Книга: Рыбаки
Назад: 16. Петухи
Дальше: 18. Белые цапли

17. Мотылек

Я, Бенджамин, был мотыльком.
Хрупким созданием, что греется на свету, но вскоре теряет крылья и падает на землю. Когда умерли Икенна и Боджа, я почувствовал, будто укрывавший меня полог сорвало, но когда убежал Обембе, я рухнул с высоты вниз, как мотылек, у которого в полете вырвали крылья. Я превратился в существо, способное отныне лишь ползать, но не летать.
Я всегда жил подле братьев. Я рос, глядя на них, следуя их примеру, проживая свой вариант ранних лет их жизней. Без них я никогда ничего не делал — особенно без Обембе, от которого — почерпнувшего много мудрости от старших братьев и впитавшего еще больше из книг — я полностью зависел. Я жил с ними, полагался на них до того, что даже мысли у меня в голове появлялись, предварительно родившись в головах у них. И даже после смерти Икенны и Обембе я не сильно изменился, ведь рядом по-прежнему был Обембе — со своими ответами на мои вопросы. Но вот и он пропал, оставив меня на пороге двери, в которую я боялся войти. Не то чтобы мне было страшно жить одному, я просто оказался к этому не готов, не знал, что делать.
Когда я вернулся, наша комната показалась мне мертвой: пустой и темной. Я лежал на полу и плакал, в то время как мой брат убегал, с рюкзаком на спине и маленькой дорожной сумкой в руке. Тьма над Акуре постепенно рассеивалась, а он все бежал, обливаясь потом и задыхаясь. Должно быть, он бежал — вдохновленный историей Клеменса Фореля — как из лагеря для военнопленных. Пронесся тихой, темной улицей — до самого конца. Остановился ненадолго, глядя на пересечение дорог и решая, в какую сторону двигаться дальше. Но, как и Фореля, его мучил страх погони, и этот же страх наделял его разум мощностью турбины, заставляя мысли крутиться быстро-быстро. Должно быть, Обембе часто спотыкался и падал в ямы, запутывался в ползучих стеблях. Его одолевали усталость и жажда. Должно быть, он взмок от пота, покрылся пылью и грязью. Но он мчался дальше, неся в душе черное знамя страха. Страха, наверное, и за меня: что станет со мной, его братом, вместе с которым он пытался потушить пламя, охватившее наш дом. Пламя, грозившее в ответ пожрать нас самих.

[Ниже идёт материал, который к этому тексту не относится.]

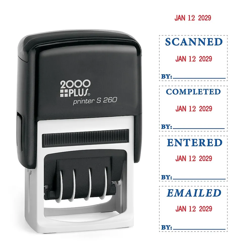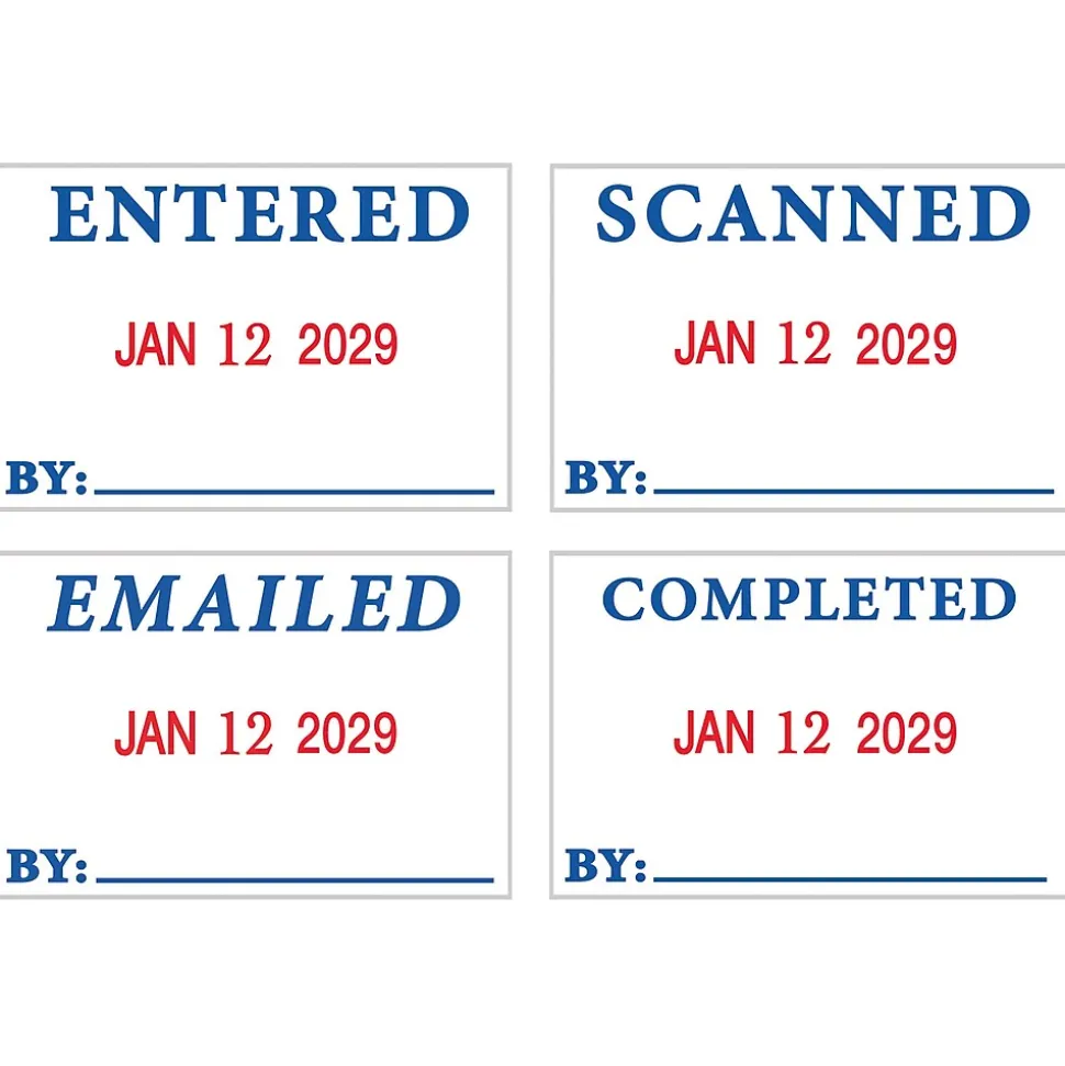 Self-inking message stamp features four interchangeable messages: Scanned, Emailed, Entered and Completed. Two-color pad for message and date. Ink colors: red and blue. Five-year date band. Perfect for office use.

Мой брат, вероятно, все еще бежал, когда небо посветлело и наша улица пробудилась, содрогнувшись от громких криков и выстрелов — как будто в город вошла вражеская армия. Слышались приказы, вой, стук в двери, яростный быстрый топот. Жужжали пули, щелкали бичи. Все эти звуки собрались воедино у наших ворот: пришло с полдюжины солдат. Когда отец открыл им, его отпихнули в сторону. Один военный пролаял, точно раненый пес:
— Где они? Где эти малолетние преступники?
— Убийцы! — сплюнул другой.
Испугавшись шума, Нкем разревелась. Мать принялась стучаться ко мне:
— Обембе, Бенджамин, проснитесь! Проснитесь!
Но тут раздался громкий топот, и ее перебили. Послышался крик, визги, и кто-то упал на пол.
— Прошу вас, прошу, они невиновны, невиновны.
— Молчать! Где мальчишки?
В дверь моей комнаты принялись колотить руками и ногами.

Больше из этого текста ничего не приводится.